Supercritical boiler technology offers an additional benefit over the competing technologies. Because of its higher efficiency levels, CO2 emissions are substantially less. Although it’s not clear when or to what extent carbon emissions will be regulated in the U.S., it’s increasingly likely that some form of carbon constraint will be imposed at an undetermined point in the future, and the more efficient boiler plants will stand a better chance of surviving.
Cost and Financing
The almighty dollar, of course, has much to say about whether the boiler market demonstrates a significant upsurge and also about which technologies are implemented. Each project must promise a reasonable return in a reasonable length of time, which requires the existence of stable power offtake agreements (and/or access to lucrative wholesale market opportunities), manageable capital costs, and the availability of funds.
The last item – availability of funds – is becoming more important in light of the growing risks surrounding project-financed ventures in the power industry. “There’s definitely a trend toward balance sheet financing in the industry,” said Foster Wheeler’s Lutes. “Developers considering project financing will have to negotiate a single-point wrap with the EPC in order to convince lenders that the risks are manageable. The EPC, in turn, to cover its risks, will raise the price to the developer, and the $/kW cost will go up. This chain of events may prevent some projects from moving forward.”

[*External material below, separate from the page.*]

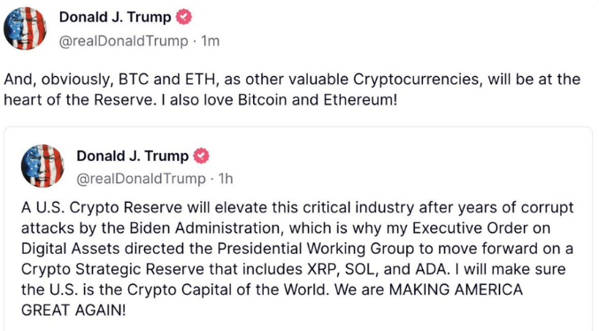 特朗普于社交平台中宣布将五种数位资产纳入加密战略储备

Table 1 includes the nominal $/kW costs for seven of the most likely PC boiler projects under development. Costs range from the $1,000/kW range up to more than $1,500/kW. Notably, all seven plants represent additions to existing coal plants, to take maximum advantage of existing infrastructure and experience and to minimize costs associated with greenfield development, which can add 10 percent or more to the overall cost.

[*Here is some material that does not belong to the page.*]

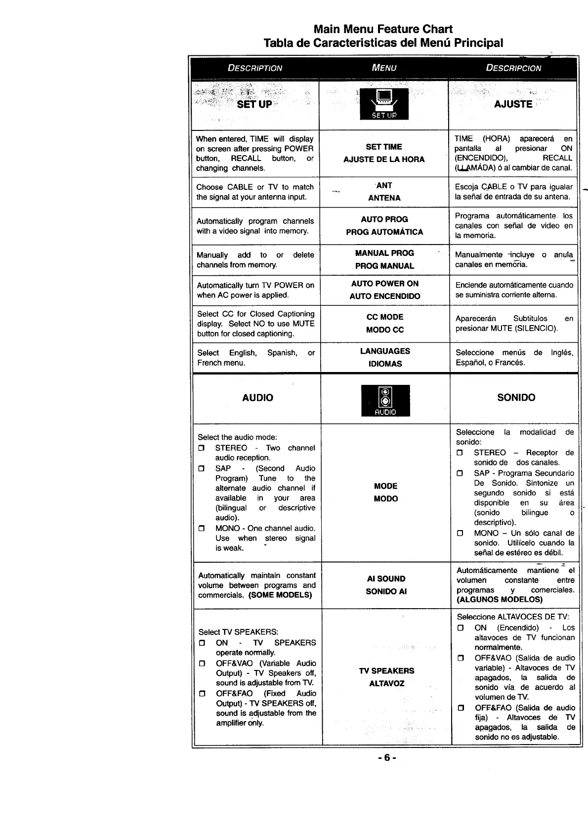 Main Menu Feature Chart

In general, the costs of the supercritical units listed in Table 1 are higher than those of the subcritical units, although much of this difference is likely due to site-specific factors and not to the technologies themselves. Most industry experts peg the capital cost delta between new subcritical and supercritical boilers built in the U.S. at around 5 percent. Capital costs can go much higher, of course. “For some of the highly automated once-through units in Europe with multiple equipment redundancies, push-button cycling capabilities and a greater emphasis on plant aesthetics, the price can exceed $3,000/kW,” said Foster Wheeler’s Lutes.